# One Second After



## Southern Dad (Nov 26, 2012)

This book is really well written. I listened to the audiobook on a trip. It is set in a small North Carolina town when the USA comes under an EMP attack. It shows how important leadership is to surviving this type of event. The forward is written by Newt Gingrich. The book really addresses a lot of what would happen afterward. I highly recommend it. I really wish that I could find more books like this.


----------



## J.T. (Nov 10, 2012)

Yeah most preppers already know about this book; it is very popular among the preparedness/survival community. You are right though it really is a great book and very well written.

If you are looking for a similar novel then no doubt David Crawford's _Light's Out_ should be next on your reading list (if you haven't already read it). This is another supremely popular book. It has more of a long epic saga feel to it. One Second After was pretty short.


----------



## Southern Dad (Nov 26, 2012)

Thanks JT... I'll search for that on audiobook, right away.


----------



## RaigenB (Nov 30, 2012)

Southern Dad said:


> This book is really well written. I listened to the audiobook on a trip. It is set in a small North Carolina town when the USA comes under an EMP attack. It shows how important leadership is to surviving this type of event. The forward is written by Newt Gingrich. The book really addresses a lot of what would happen afterward. I highly recommend it. I really wish that I could find more books like this.
> 
> View attachment 842


Ron Foster also has written some prepper books, he has a trilogy that I want to start reading but haven't got the books yet. They are on Amazon


----------



## inceptor (Nov 19, 2012)

Southern Dad said:


> Thanks JT... I'll search for that on audiobook, right away.
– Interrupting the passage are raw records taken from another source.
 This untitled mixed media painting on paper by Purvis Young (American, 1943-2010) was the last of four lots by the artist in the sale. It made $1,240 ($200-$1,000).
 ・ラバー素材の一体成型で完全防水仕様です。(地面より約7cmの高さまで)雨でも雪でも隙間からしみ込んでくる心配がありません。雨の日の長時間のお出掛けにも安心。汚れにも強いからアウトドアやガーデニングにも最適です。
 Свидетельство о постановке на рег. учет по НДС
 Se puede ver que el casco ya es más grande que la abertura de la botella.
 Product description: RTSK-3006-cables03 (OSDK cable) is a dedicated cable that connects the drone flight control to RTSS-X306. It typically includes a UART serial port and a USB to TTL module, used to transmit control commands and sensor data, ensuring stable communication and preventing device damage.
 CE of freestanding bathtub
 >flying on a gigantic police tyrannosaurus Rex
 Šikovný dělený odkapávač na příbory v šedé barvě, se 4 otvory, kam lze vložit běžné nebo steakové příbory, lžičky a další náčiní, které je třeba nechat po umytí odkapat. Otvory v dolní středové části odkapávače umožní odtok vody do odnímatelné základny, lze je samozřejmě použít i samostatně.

Already tried that, not in audio. I had to buy the actual book. I do a lot of audiobooks and this was the first real book I have read in quite a while. I always prefer audio though.


----------



## Seneca (Nov 16, 2012)

I've read and enjoyed one second after and lights out, another good one about life after an EMP is called 77 days. I read it as an Ebook so I can't say if its avaliable in print or not.


----------



## inceptor (Nov 19, 2012)

I could not find Lights Out on audio but here is a link for One Second After on audio.
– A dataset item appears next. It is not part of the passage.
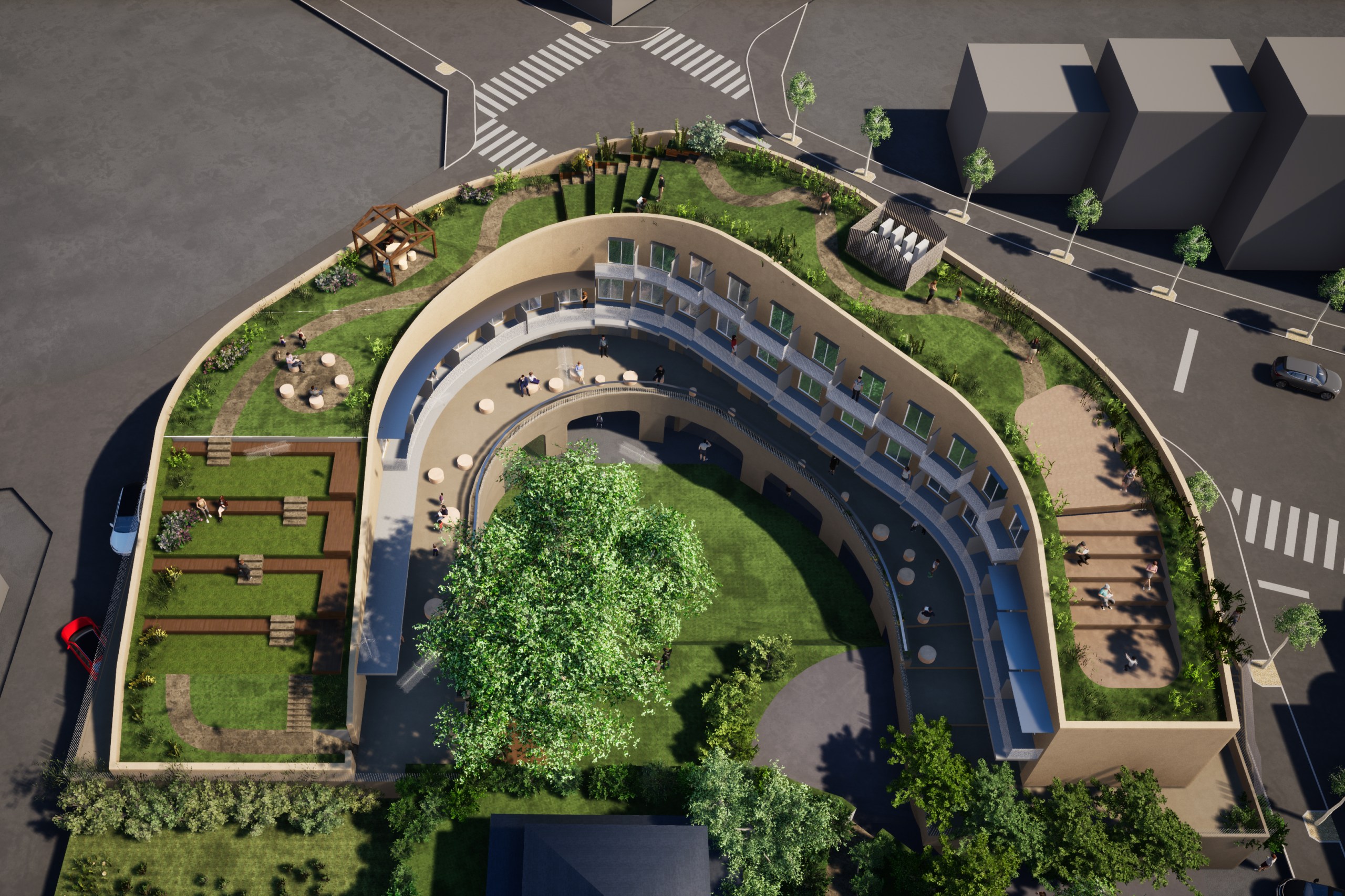 明後日の田園都市 2025 text 集合住宅プロジェクト ライフスタイルの多様化(共働き、在宅勤務、マイクロビジネス)やアフターコロナを見据えた集合住宅。 地面からせり上がる屋上を緑化し街区のグリーンベルトを完成させ、かつて農村であった地域の景観を継承。 緑地や住環境向上など「明日の田園都市」のコンセプトを参照しつつ、用途融合やシェアなど今日的なコンセプトも取り入れ、新たな郊外住居モデル「明後日の田園都市」を目指す。

Audiobooks: buy AUDIO books online at Audible.com


----------



## Southern Dad (Nov 26, 2012)

I found an electronic copy of _Light's Out_ - David Crawford. I'm reading it on my iPad. Great reading so far.


----------



## Meangreen (Dec 6, 2012)

One Second After is an incredible book and it's at the top of my list of post-apocalyptic books. One Second After is also the book I have given to more people than any other book because I believe it has some very important lessons in it.


----------



## Southern Dad (Nov 26, 2012)

Holy **** this, _Lights Out_ is a great book. I wished there was an audiobook but the e-book will do. Just when I think it can't get any better, it does. I'm halfway through. My new favorite part?
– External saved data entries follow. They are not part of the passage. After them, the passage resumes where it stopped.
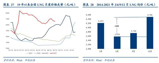 从全国LNG价格看,2019年以来基本均呈现出LNG价格每逢冬季便会迎来明显的跃升的特征,冬季价格高于夏季价格。拉长时间范围来看,2014年-2021年3、6、9、12月份的LNG平均价格分别为4213/3579/3742/4501元/吨,12月份价格较6月份价格高出26%。
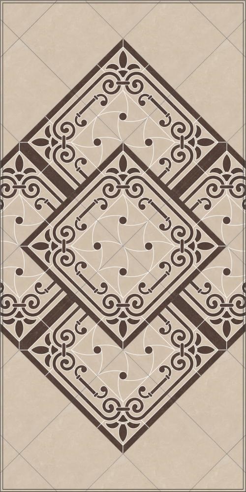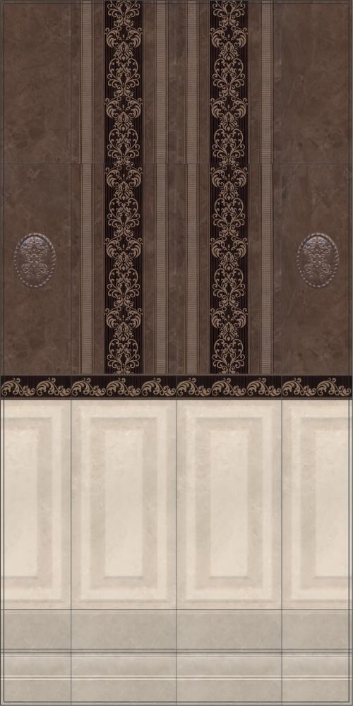 Керамическая плитка «Версаль». Настенная керамическая плитка с глянцевой поверхностью, имитирующей текстуру мрамора, в бежевом и коричневом цветах. Крупные декоративные элементы украшены благородным орнаментом, который в сочетании с мраморным фоном создаёт атмосферу изящества и аристократизма. В серию входят вставочные мозаичные декоры, а также светлый наборный керамический ковёр, который может выступить в роли настенного панно или центрального элемента напольной укладки.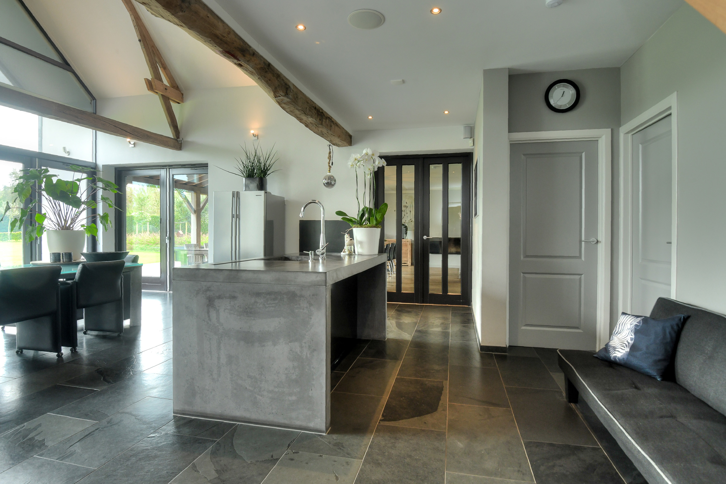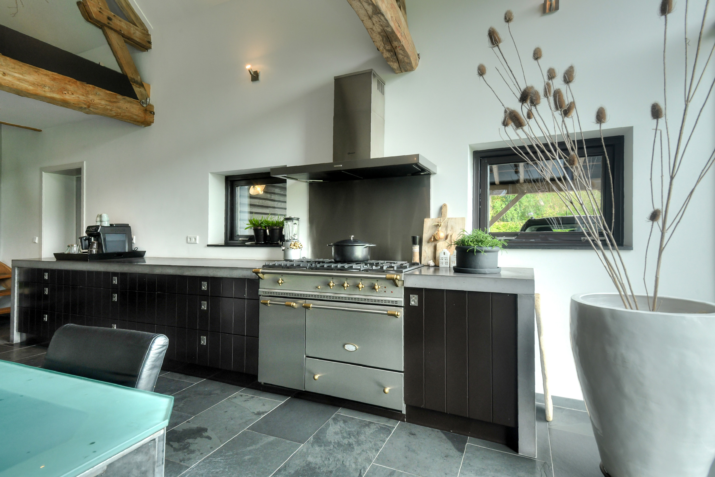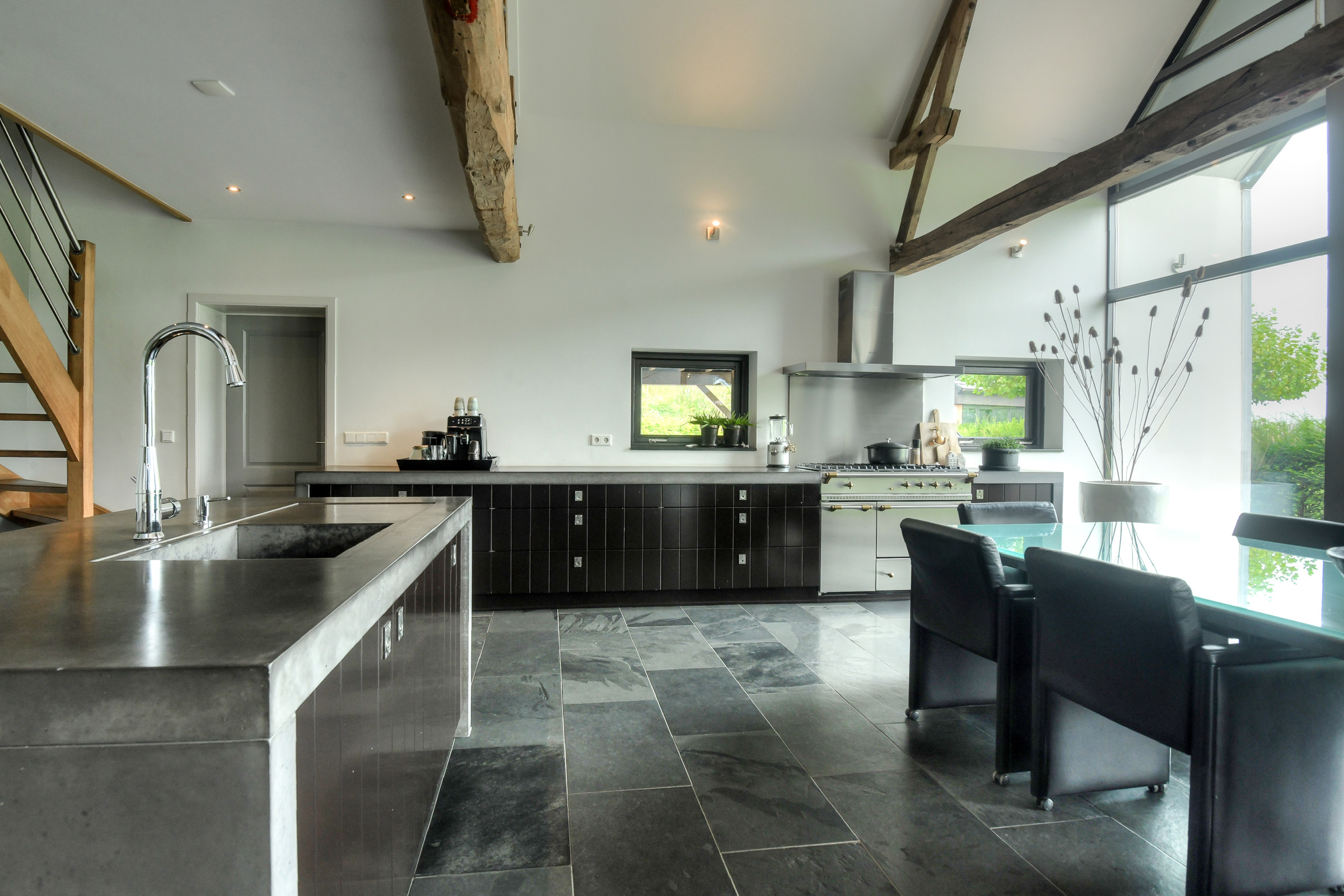 The beautiful kitchen-diner (approx. 51 m²) forms the heart of the home. This light and very spacious kitchen is equipped with a modern and luxurious design, including a concrete countertop, a wide gas stove (Lacanche) with multiple ovens, an extractor hood, and ample storage space. There is also a kitchen island (also with concrete top) with sink, designer faucet, dishwasher, and additional cupboard space.

Everyone is arguing about what to do with the MZB they've captured when, 'Bam, bam, bam.' Three small holes appeared where seconds before had beat an MZB heart. The man's eyes stared disbelieving at the dark sky for a send then closed forever.

'There's my ****ing vote.' Ed said as if he had just ordered an ice-cream cone."

Now, I'm not sure whether I'd be slapping Ed on the back or taking away his weapon before anyone else got voted out but damn. This is good.


----------



## inceptor (Nov 19, 2012)

He really is a good writer. I can't wait to read his next book Collision Course. Got it saved on amazon so I can get it the next time I place an order. Maybe it's time to get a reader. My wife has a Color Nook.


----------



## Southern Dad (Nov 26, 2012)

I've got the Nook Color but I like to read it on the iPad. The iPad just does so much more.


----------



## displaced1 (Dec 10, 2012)

I liked Preppers Road March by Ron Foster


----------



## J.T. (Nov 10, 2012)

Southern Dad said:


> Holy **** this, _Lights Out_ is a great book. I wished there was an audiobook but the e-book will do. Just when I think it can't get any better, it does. I'm halfway through. My new favorite part?
> 
> Everyone is arguing about what to do with the MZB they've captured when, 'Bam, bam, bam.' Three small holes appeared where seconds before had beat an MZB heart. The man's eyes stared disbelieving at the dark sky for a send then closed forever.
> 
> ...


Ha, yeah that book gets better and better. There's some pretty intense scenes in it. My favorite character was Gunny. Love that old guy! I couldn't help but picture him as R.Lee Ermey the whole time though, haha.


----------



## Southern Dad (Nov 26, 2012)

That is so funny because that is exactly who I was picturing as Gunny. Especially when he got his Jeep running.


----------



## Alpha-17 (Nov 16, 2012)

Same here. Honestly, I'd be willing to bet that's what the author was picturing himself when he wrote the book.


----------



## joec (Nov 12, 2012)

An EMP that can cause the things in this book ( I have it and have read it ) can also happen due to a solar flare at just the correct angle. So it doesn't necessarily have to come for an attack. Life in general on this planet or any planet is precarious at best.


----------



## Southern Dad (Nov 26, 2012)

One question comes to mind after having read this book. Tell me how they got the older vehicles to run by changing out the points and other parts. How those parts sitting on the shelves of an auto parts store have been in any better condition than the parts in the vehicles?


----------



## countdown (Dec 10, 2012)

Southern Dad said:


> One question comes to mind after having read this book. Tell me how they got the older vehicles to run by changing out the points and other parts. How those parts sitting on the shelves of an auto parts store have been in any better condition than the parts in the vehicles?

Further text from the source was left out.